Liberation is a gradual process, even when pursued with force; as we have witnessed around the world. The urban unrest of the mid 1960s, the riots after the assassination of Dr. King and later unrest in Miami and Los Angeles were cries of desperation; anger unleashed spontaneously on the back end of injustices. What we may begin to see is a more organized rebellion, aided by social media and real outside agitators who exploit America's indifference to its Black and brown progeny. In fact, we may already see evidence of the latter occurring.

We will commit a grave error if we overlook the depths of anger in the Black community and the sense of hopelessness that many young Blacks feel. There is an invisible hand at work that has them in their grip; plotting against their very mortality and cutting off every possible path to a self-sufficient and constructive life. Young people feel the weight of injustice, even those we deem on the path to success, our best and brightest. They carry the weight every day and see little evidence that we have the means or the will to fight back. When we evoke the civil rights movement it is to the present generation what discussions on slavery were to mine – history. As much as we might try, the connection to the fight against Jim Crow has been severed by decades of a new brand of racism that is like gas; we can smell it but its source often is invisible but just as deadly as the hate of decades past.

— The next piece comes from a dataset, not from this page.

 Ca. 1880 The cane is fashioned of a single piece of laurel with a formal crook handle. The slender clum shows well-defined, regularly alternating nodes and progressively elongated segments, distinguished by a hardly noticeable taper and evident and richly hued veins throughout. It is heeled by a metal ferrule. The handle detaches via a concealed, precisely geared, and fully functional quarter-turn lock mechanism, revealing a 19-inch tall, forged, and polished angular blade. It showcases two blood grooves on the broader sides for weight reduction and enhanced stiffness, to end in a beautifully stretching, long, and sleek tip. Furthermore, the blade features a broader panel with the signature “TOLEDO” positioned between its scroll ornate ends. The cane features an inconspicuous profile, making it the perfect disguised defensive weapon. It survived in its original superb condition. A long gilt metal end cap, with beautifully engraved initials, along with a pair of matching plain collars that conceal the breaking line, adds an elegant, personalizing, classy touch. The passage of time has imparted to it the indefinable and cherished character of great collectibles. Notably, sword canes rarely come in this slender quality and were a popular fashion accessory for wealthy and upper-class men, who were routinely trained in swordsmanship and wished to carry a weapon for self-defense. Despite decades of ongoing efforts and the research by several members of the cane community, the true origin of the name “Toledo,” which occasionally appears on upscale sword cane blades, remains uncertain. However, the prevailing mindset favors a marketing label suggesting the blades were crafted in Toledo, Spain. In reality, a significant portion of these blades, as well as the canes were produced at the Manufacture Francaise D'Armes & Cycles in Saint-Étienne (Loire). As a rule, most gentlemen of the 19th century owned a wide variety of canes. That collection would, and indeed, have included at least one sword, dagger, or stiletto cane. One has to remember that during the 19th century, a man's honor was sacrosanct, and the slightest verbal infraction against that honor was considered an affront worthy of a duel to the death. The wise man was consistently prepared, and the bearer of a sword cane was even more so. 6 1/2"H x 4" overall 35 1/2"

“hurt people hurt people and they hurt people closest to them”

What Blacks in Baltimore and other oppressed communities should be concerned about is not 'outside agitators' but instead outside apologists who attempt to discount the harm done to Black people in America. I am not alluding to well-meaning individuals concerned with the safety of protesters and the public. My concern is the element in America that will use the violence of a handful of protesters to obscure the daily atrocities committed against Black people. The imagery of young Black men damaging cars is conveniently used to spur a rallying cry for yet more police brute force. Irresponsible and purposefully deceitful news media will inflate these minor incidences of violence to incite an already biased public and validate theories of Black lawlessness.

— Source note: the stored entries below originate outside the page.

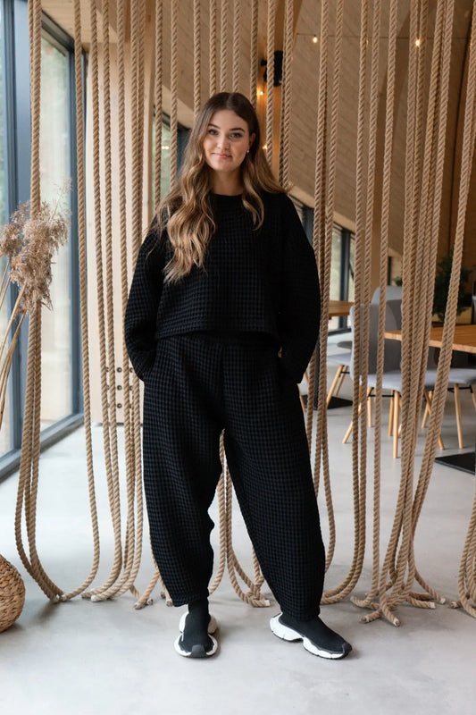 Aiko-housut porkkanatyylillä, mukavat oversize-housut, joissa on hieman kaareva lahje. Aiko-housuissa on leveä ja pehmeä joustava vyötärönauha, ja housuissa on myös taskut. Aiko-housut on valmistettu puuvillaisesta rakenteellisesta hunajakennokankaasta ja yhdessä Aiko Collegepaita kanssa ne muodostavat ihanteellisen vapaa-ajanasukokonaisuuden.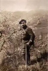 Capitaine Belmont posant pour la photo, dans la pente, sous l'actuelle route de Mittelbuhl - Buchteren, à 400 m à l'ouest de la ferme de Mittelbuhl (Soulzeren, Haut-Rhin)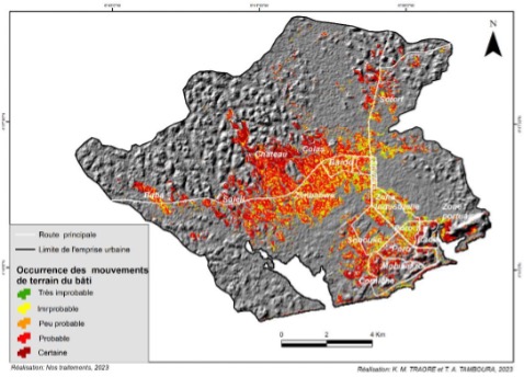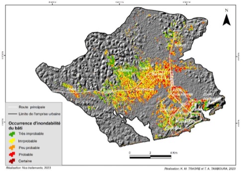 « Très improbable » et « Certaine » (carte 6). Cette susceptibilité s’avère importante dans les quartiers centraux (Séwéké, Bardo, Poro, Zone industrielle) et Sonouko sur espaces marécageux et sols alluvionnaires (carte 6). Ces sols sont constitués de vases et de tourbes gorgés d’eau et facilement inondables.
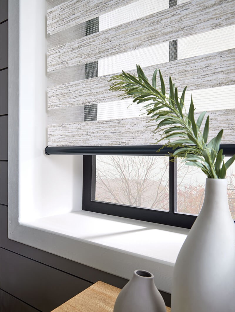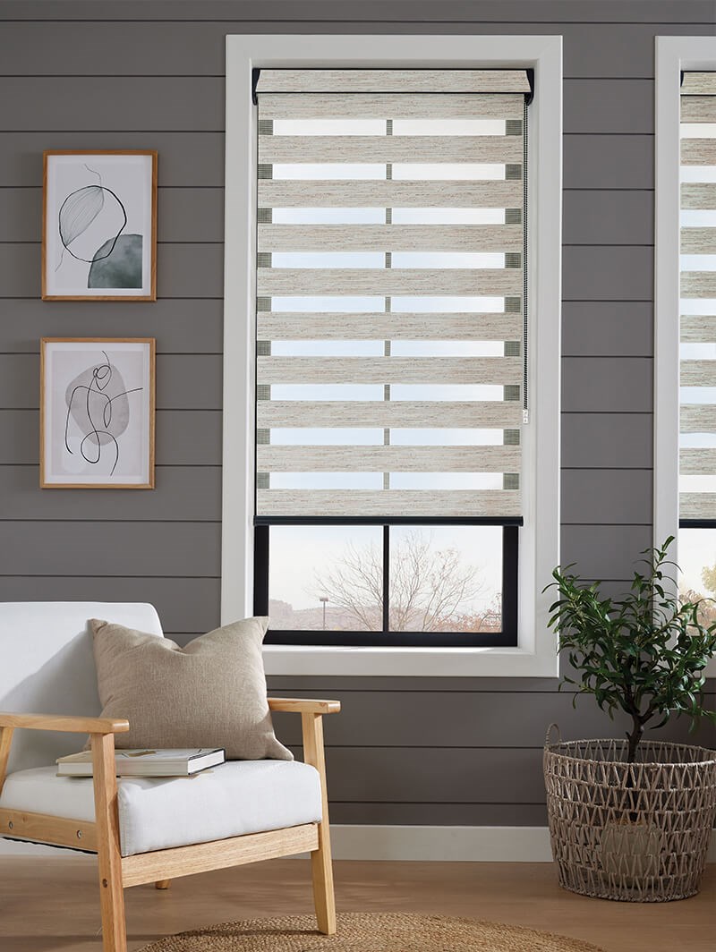 With a range of 4 tones to choose from, our Nabis Day and Night blinds provide a natural finish to your window. With a design reminiscent of the stratification on a cliff face, these blinds help soften the transition from your home to the outside world.

Meanwhile, the catalogue of daily offenses against Black people - in the denial of a quality education, being subject to job discrimination and mass incarceration, housing bias and unsafe living conditions, and the loss of basic civil liberties - is dismissed as minority whining. A recent New York Times editorial opened a window into the plight of Black people. It detailed society’s offenses against Black men; though a more exhaustive case for justice can be made if Black children, women and institutions are considered.

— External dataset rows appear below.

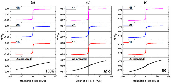 Hysteresis loops of as-prepared and annealed NiMnGa-based glass-coated microwires at 973 K for 1 h, 2 h, and 4 h measured at different temperatures: (a) 100 K, (b) 20 K, and (c) 5 K. M5K is defined as “the magnetic moment recorded at 5 K”.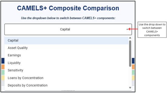 Use the drop down to switch your view between CAMELS+ ratios and concentrations: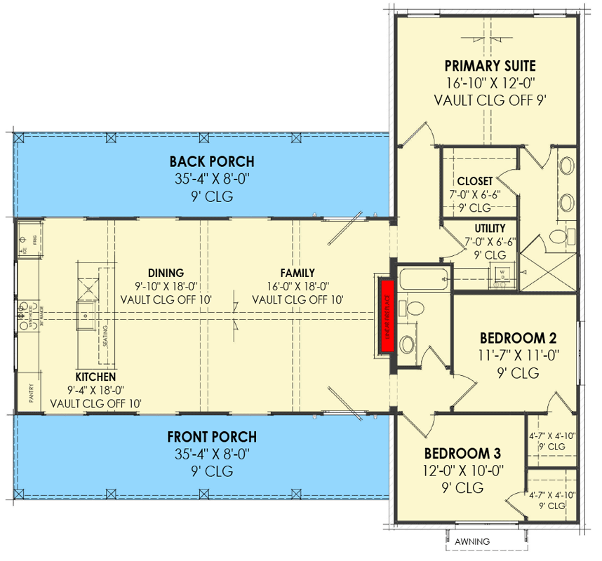 The expansive **front and rear porches (~283 sq ft each)** are standout features for this plan. These spaces serve as natural extensions of the living areas and let you enjoy fresh air for dining, morning coffee, or evening gatherings. Covering nearly 38% of the home’s interior area in additional porch space encourages outdoor living and makes this design feel larger and more versatile. 4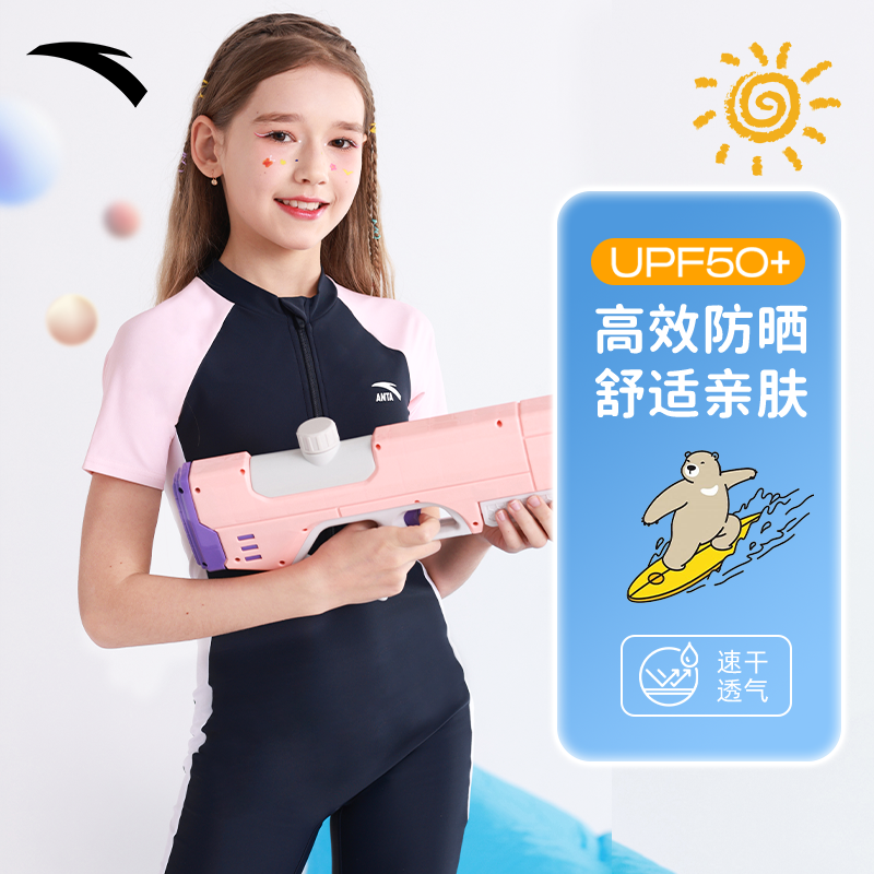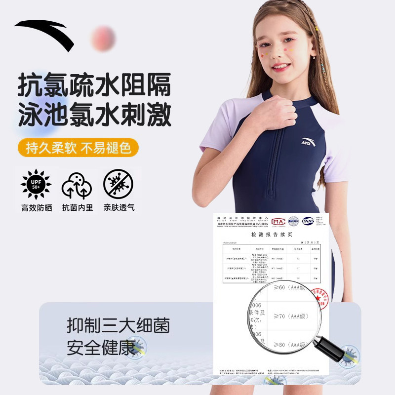 安踏儿童连体泳衣女孩2025新款防晒中大童带胸垫专业训练游泳衣夏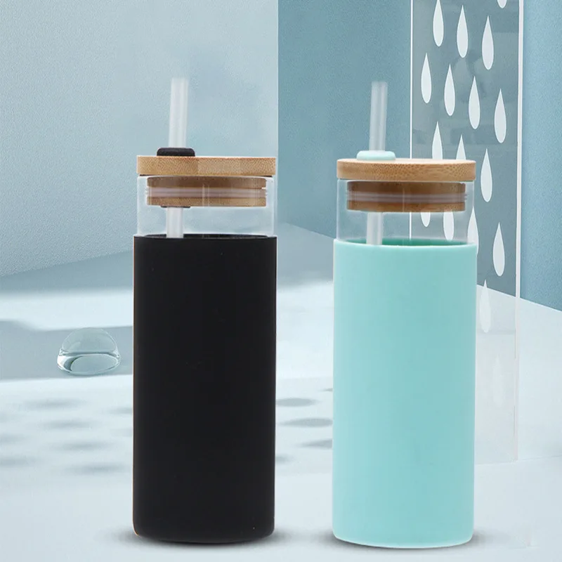 20oz Glass Tumbler Glass Eco Friendly Water Bottle Straw Silicone Protective Sleeve Optional Colors Bamboo Lid

The #BlackLivesMatter movement resonates across generations because it is the antidote to the apologists, both white and Black, for America's racism. It is a self-affirmation that puts the interest of Blacks ahead of the materialism and trivialities of the state; and treats Black lives, like that of Freddie Gray, as far more important than the value of a police cruiser. It is a seismic shift in the value we place on our own lives relative to how this nation treats us. There will be other protests, in Baltimore and points across this country and some will surely explode in bursts of violence. We have a choice to focus on the minor breaches of decorum or the institutional forces that work to preserve the status quo and the continued oppression of Black Americans. Let us make the right choice.